■ **The problem**:
Repeat exactly the lines of the records below, starting at the line containing "Beautiful home in" and ending at the line containing "畢業(yè)典禮結(jié)". Leave the pictures out.

====== Entries shown ======

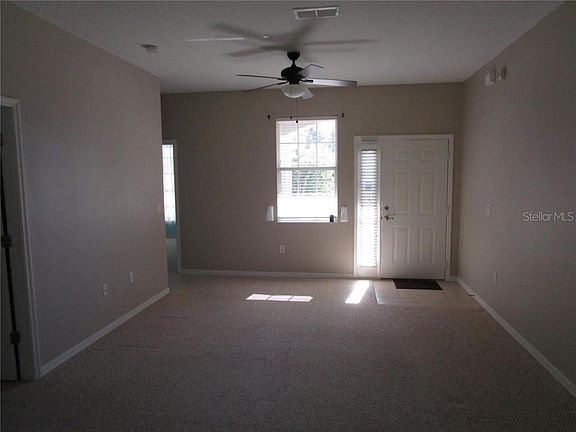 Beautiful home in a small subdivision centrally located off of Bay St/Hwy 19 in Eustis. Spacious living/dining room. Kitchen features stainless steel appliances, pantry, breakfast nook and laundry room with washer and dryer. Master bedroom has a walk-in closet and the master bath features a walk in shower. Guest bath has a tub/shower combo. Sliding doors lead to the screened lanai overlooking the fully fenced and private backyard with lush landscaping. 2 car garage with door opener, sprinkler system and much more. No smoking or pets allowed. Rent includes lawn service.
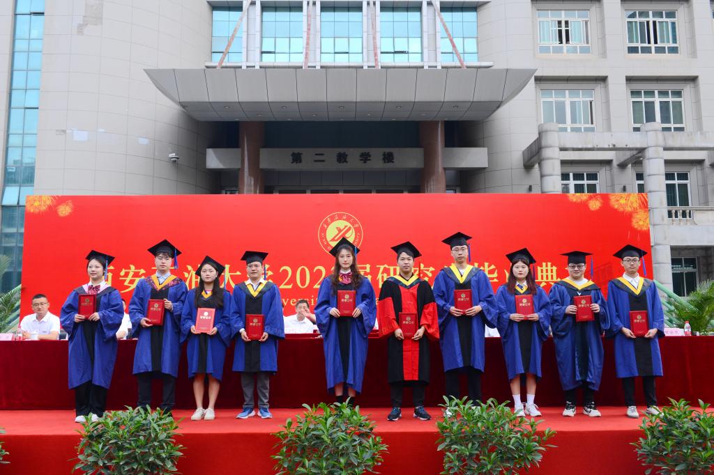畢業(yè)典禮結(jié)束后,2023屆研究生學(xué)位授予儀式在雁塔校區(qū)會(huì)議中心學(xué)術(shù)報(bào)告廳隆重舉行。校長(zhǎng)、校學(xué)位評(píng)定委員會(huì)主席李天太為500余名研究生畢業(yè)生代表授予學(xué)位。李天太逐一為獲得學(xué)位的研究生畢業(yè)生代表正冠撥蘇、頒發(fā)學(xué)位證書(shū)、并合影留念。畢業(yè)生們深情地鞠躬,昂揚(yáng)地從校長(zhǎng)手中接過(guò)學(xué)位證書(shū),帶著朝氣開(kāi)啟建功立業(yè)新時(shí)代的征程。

======
====== Entries shown ======

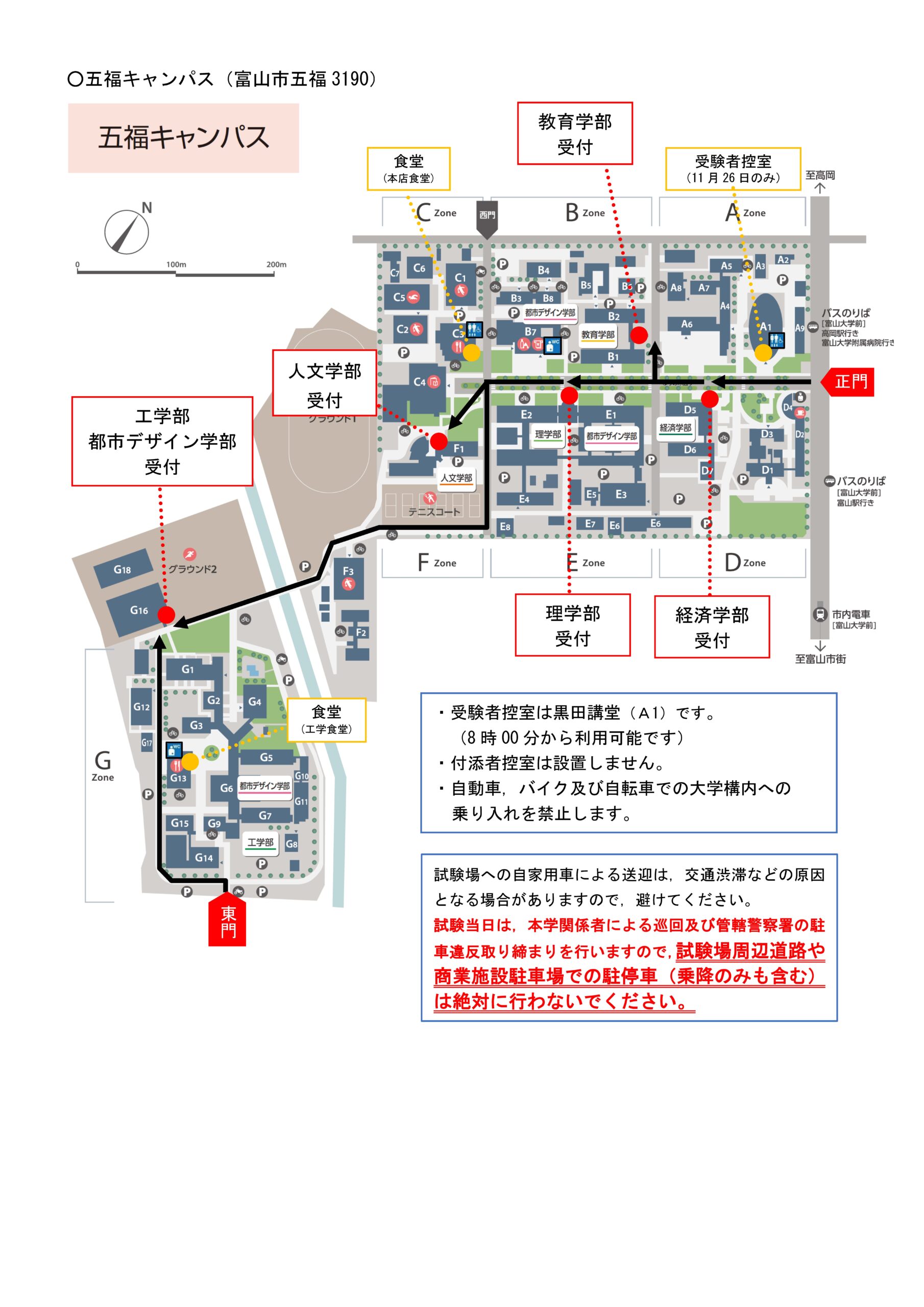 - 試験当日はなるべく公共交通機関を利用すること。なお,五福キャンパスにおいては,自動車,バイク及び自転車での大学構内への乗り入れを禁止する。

======

■ **Answer to this problem**:
 Beautiful home in a small subdivision centrally located off of Bay St/Hwy 19 in Eustis. Spacious living/dining room. Kitchen features stainless steel appliances, pantry, breakfast nook and laundry room with washer and dryer. Master bedroom has a walk-in closet and the master bath features a walk in shower. Guest bath has a tub/shower combo. Sliding doors lead to the screened lanai overlooking the fully fenced and private backyard with lush landscaping. 2 car garage with door opener, sprinkler system and much more. No smoking or pets allowed. Rent includes lawn service.
畢業(yè)典禮結(jié)束后,2023屆研究生學(xué)位授予儀式在雁塔校區(qū)會(huì)議中心學(xué)術(shù)報(bào)告廳隆重舉行。校長(zhǎng)、校學(xué)位評(píng)定委員會(huì)主席李天太為500余名研究生畢業(yè)生代表授予學(xué)位。李天太逐一為獲得學(xué)位的研究生畢業(yè)生代表正冠撥蘇、頒發(fā)學(xué)位證書(shū)、并合影留念。畢業(yè)生們深情地鞠躬,昂揚(yáng)地從校長(zhǎng)手中接過(guò)學(xué)位證書(shū),帶著朝氣開(kāi)啟建功立業(yè)新時(shí)代的征程。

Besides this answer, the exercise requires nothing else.